2020-frama-c/notes.txt

   1 16th Nov 2020
   2 Formally proving tiny bits of qemu using Frama-C
   3
   4 [in medias res]
   5
   6 In early October I was talking to one of the developers of Frama-C,
   7 which is a modular framework for verifying C programs.  It's been on
   8 my radar to learn for a long time, and I'm a co-maintainer of the
   9 package in Fedora.  I tried to follow one tutorial but never really
  10 got past installation and UI issues.  But the developer pointed me to
  11 a very good, short set of blog postings about using the command line
  12 tool.
  13
  14 I will provide links to tutorials etc at the end.
  15
  16 I decided to spend a day or two seeing if I could formally prove some
  17 production code inside qemu, and I arbitrarily picked one of the
  18 smallest pieces of code in the "util/" subdirectory:
  19
  20   $ wc -l util/*.c | sort -nr | tail -20
  21
  22 Actually there are two files:
  23
  24   $ ls -l util/range.c include/qemu/range.h
  25
  26 This is what the Range type looks like.  This is the complete
  27 definition upstream, with comments which are supposed to explain how
  28 it works:
  29
  30   /*
  31    * Operations on 64 bit address ranges.
  32    * Notes:
  33    * - Ranges must not wrap around 0, but can include UINT64_MAX.
  34    */
  35   struct Range {
  36       /*
  37        * Do not access members directly, use the functions!
  38        * A non-empty range has @lob <= @upb.

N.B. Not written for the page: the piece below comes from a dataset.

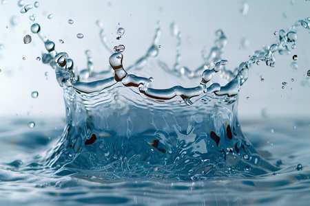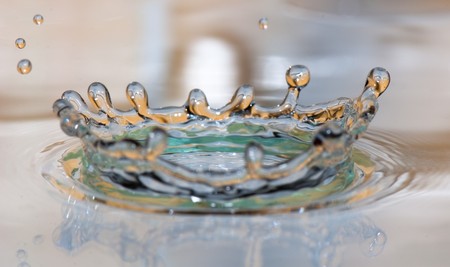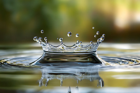Splash crown: A water droplet forms a crown shape as it impacts a calm surface creating ripples and droplets.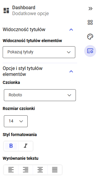 - Opcje i styl tytułów elementów umożliwiają globalne zarządzanie wyglądem nagłówków wszystkich kontrolek znajdujących się na dashboardzie. Ustawienia w tej sekcji wpływają na elementy korzystające z domyślnych właściwości tytułów. Dostępne opcje obejmują:

  39        * An empty range has @lob == @upb + 1.
  40        */
  41       uint64_t lob;        /* inclusive lower bound */
  42       uint64_t upb;        /* inclusive upper bound */
  43   };
  44   typedef struct Range Range;
  45
  46   +-----------+-----------+------------- - - - - -
  47   |           |           |
  48   +-----------+-----------+------------- - - - - -
  49                ^         ^
  50               lob ----- upb
  51
  52 Using the tutorial as my guide I wrote some simple predicates, a
  53 "predicate" being a statement which can be true or false:
  54
  55        * A non-empty range has @lob <= @upb.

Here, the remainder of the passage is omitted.